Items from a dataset
____

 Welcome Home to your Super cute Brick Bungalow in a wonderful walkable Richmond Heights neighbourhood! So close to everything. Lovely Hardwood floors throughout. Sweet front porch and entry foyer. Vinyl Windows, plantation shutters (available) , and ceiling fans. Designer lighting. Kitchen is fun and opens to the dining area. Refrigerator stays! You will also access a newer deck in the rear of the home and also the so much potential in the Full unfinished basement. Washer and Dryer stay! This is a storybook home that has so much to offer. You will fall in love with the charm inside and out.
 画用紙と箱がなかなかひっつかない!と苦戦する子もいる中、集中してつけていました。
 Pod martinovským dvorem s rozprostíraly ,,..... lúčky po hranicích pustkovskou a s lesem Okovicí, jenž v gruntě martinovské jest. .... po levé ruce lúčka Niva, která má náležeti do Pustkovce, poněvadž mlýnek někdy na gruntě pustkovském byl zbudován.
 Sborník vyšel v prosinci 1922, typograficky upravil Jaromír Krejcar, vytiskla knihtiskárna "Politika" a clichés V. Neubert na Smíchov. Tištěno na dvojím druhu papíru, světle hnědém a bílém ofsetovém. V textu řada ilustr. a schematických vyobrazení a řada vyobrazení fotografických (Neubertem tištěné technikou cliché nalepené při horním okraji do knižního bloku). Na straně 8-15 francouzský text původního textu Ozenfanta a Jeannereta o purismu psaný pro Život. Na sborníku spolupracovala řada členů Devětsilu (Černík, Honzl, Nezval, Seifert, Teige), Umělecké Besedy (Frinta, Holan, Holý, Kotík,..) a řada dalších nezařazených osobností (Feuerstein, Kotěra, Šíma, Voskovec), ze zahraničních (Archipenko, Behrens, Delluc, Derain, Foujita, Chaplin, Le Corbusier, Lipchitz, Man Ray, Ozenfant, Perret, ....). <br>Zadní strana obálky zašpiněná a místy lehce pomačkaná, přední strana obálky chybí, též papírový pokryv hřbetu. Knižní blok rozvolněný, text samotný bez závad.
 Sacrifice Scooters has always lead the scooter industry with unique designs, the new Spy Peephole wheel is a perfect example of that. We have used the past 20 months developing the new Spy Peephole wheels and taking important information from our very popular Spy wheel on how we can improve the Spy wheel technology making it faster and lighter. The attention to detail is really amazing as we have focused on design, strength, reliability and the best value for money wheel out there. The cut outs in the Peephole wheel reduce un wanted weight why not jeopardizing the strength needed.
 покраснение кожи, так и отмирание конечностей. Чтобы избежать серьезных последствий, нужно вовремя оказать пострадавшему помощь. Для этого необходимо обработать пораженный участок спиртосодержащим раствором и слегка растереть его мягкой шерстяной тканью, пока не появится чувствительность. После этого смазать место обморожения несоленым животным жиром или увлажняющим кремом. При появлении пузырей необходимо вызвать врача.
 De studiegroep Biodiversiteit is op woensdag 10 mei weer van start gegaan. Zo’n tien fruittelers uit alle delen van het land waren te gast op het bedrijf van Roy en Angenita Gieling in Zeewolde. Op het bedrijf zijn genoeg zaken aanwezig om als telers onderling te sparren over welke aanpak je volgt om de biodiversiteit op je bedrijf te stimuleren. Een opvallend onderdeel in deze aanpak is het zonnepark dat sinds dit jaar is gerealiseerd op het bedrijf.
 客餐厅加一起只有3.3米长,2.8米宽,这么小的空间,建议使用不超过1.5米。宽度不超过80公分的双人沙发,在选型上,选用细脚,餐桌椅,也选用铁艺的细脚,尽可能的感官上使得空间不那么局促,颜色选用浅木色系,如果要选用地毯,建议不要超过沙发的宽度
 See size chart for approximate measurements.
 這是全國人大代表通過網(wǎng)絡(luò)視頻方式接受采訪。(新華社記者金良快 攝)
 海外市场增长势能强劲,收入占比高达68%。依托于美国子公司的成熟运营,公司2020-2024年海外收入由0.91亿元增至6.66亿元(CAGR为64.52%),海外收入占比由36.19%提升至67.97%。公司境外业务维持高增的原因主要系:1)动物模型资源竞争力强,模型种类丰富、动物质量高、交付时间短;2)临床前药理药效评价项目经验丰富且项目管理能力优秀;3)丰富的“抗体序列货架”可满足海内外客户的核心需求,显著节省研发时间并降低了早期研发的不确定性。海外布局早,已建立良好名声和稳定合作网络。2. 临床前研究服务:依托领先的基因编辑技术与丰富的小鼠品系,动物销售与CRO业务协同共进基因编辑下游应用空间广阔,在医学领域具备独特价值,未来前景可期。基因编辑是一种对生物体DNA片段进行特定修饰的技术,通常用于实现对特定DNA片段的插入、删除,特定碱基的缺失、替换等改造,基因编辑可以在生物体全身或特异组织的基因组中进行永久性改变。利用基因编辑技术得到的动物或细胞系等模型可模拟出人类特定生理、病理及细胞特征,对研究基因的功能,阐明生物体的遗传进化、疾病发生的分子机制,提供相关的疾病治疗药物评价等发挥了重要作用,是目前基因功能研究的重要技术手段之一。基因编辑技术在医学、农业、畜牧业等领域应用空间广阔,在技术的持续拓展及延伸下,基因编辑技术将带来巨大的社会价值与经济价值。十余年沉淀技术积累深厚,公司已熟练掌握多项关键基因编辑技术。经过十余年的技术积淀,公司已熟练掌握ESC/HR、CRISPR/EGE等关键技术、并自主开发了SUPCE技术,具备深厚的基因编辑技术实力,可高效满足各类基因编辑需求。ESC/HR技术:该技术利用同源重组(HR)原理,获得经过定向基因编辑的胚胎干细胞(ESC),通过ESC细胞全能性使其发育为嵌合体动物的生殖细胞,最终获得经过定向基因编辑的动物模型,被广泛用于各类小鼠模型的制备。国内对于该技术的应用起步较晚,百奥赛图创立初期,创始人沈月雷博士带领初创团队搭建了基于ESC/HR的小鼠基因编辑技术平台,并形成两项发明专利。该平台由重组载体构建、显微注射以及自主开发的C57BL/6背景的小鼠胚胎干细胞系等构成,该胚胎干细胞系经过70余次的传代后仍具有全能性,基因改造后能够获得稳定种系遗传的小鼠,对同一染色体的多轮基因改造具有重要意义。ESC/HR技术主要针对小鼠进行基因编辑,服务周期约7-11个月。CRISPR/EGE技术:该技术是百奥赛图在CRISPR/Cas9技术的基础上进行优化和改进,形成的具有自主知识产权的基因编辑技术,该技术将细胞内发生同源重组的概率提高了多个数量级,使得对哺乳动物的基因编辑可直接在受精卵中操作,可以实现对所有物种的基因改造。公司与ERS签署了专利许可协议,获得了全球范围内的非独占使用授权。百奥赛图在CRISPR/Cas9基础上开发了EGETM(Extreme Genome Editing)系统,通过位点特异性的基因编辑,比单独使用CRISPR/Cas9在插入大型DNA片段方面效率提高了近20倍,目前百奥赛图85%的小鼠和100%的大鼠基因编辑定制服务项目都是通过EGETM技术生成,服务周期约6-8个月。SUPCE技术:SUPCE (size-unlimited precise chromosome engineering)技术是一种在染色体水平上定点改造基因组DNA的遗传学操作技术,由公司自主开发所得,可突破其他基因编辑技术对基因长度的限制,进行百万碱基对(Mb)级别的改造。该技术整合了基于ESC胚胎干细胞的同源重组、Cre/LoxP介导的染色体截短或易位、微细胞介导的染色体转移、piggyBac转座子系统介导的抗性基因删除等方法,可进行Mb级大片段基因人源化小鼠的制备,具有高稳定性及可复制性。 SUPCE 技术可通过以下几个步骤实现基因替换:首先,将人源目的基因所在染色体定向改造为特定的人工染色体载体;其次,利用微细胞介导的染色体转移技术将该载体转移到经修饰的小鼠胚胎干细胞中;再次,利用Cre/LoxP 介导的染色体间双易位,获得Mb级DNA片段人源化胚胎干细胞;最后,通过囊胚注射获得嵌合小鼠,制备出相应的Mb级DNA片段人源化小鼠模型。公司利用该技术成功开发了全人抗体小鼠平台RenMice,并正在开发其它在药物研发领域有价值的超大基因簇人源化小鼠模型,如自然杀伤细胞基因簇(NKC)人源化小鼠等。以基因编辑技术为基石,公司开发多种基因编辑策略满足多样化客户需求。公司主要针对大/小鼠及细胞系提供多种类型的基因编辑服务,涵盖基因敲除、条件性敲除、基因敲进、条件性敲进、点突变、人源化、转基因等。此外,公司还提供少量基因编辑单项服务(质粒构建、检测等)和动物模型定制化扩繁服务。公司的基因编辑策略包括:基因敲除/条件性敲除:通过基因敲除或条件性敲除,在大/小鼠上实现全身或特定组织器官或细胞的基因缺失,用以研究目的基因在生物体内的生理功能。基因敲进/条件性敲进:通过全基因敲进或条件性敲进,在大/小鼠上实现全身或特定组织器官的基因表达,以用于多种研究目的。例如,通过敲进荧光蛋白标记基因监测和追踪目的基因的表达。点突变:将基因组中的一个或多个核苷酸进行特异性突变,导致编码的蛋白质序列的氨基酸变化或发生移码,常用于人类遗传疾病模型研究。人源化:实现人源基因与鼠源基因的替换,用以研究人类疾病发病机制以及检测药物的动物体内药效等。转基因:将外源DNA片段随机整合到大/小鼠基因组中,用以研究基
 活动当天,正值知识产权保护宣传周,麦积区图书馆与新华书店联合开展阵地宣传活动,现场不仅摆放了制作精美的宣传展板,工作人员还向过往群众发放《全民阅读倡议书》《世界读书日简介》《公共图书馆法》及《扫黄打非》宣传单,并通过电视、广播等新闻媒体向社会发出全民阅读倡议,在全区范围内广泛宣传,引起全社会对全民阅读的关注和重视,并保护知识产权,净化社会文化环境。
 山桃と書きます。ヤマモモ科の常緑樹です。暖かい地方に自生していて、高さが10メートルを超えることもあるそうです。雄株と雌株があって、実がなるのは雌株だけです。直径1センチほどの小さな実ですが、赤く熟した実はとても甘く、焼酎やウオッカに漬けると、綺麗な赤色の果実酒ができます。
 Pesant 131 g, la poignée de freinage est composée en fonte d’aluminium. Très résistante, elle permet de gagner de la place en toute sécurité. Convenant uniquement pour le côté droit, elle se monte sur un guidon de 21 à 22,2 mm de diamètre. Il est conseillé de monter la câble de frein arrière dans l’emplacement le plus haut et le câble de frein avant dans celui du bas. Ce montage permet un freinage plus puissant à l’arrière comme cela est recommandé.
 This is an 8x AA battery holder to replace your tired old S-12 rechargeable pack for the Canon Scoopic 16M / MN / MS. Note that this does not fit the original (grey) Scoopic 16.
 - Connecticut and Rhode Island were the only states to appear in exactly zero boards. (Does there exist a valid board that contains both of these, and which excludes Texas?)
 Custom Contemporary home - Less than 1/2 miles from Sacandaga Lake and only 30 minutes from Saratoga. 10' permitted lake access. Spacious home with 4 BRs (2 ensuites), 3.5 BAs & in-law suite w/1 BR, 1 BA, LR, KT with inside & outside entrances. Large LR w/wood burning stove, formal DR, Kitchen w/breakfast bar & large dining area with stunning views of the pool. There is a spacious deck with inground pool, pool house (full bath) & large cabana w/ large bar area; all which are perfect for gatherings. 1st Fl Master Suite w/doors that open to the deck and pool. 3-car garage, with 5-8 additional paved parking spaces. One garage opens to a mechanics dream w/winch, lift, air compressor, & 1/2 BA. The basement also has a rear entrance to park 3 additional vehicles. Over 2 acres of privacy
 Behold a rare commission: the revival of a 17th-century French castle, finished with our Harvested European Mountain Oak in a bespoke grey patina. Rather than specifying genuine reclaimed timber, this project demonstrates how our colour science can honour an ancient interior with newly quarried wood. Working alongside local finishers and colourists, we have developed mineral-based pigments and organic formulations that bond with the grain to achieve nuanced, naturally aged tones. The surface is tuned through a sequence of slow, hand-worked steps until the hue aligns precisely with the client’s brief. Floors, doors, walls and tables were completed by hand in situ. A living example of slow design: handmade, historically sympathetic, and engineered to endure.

____

Please transcribe only the lines in the records above running from the line that has "画用紙と箱がなかなかひっつか" through the line that has "Pod martinovským dvorem", both included, exactly as they appear.

 画用紙と箱がなかなかひっつかない!と苦戦する子もいる中、集中してつけていました。
 Pod martinovským dvorem s rozprostíraly ,,..... lúčky po hranicích pustkovskou a s lesem Okovicí, jenž v gruntě martinovské jest. .... po levé ruce lúčka Niva, která má náležeti do Pustkovce, poněvadž mlýnek někdy na gruntě pustkovském byl zbudován.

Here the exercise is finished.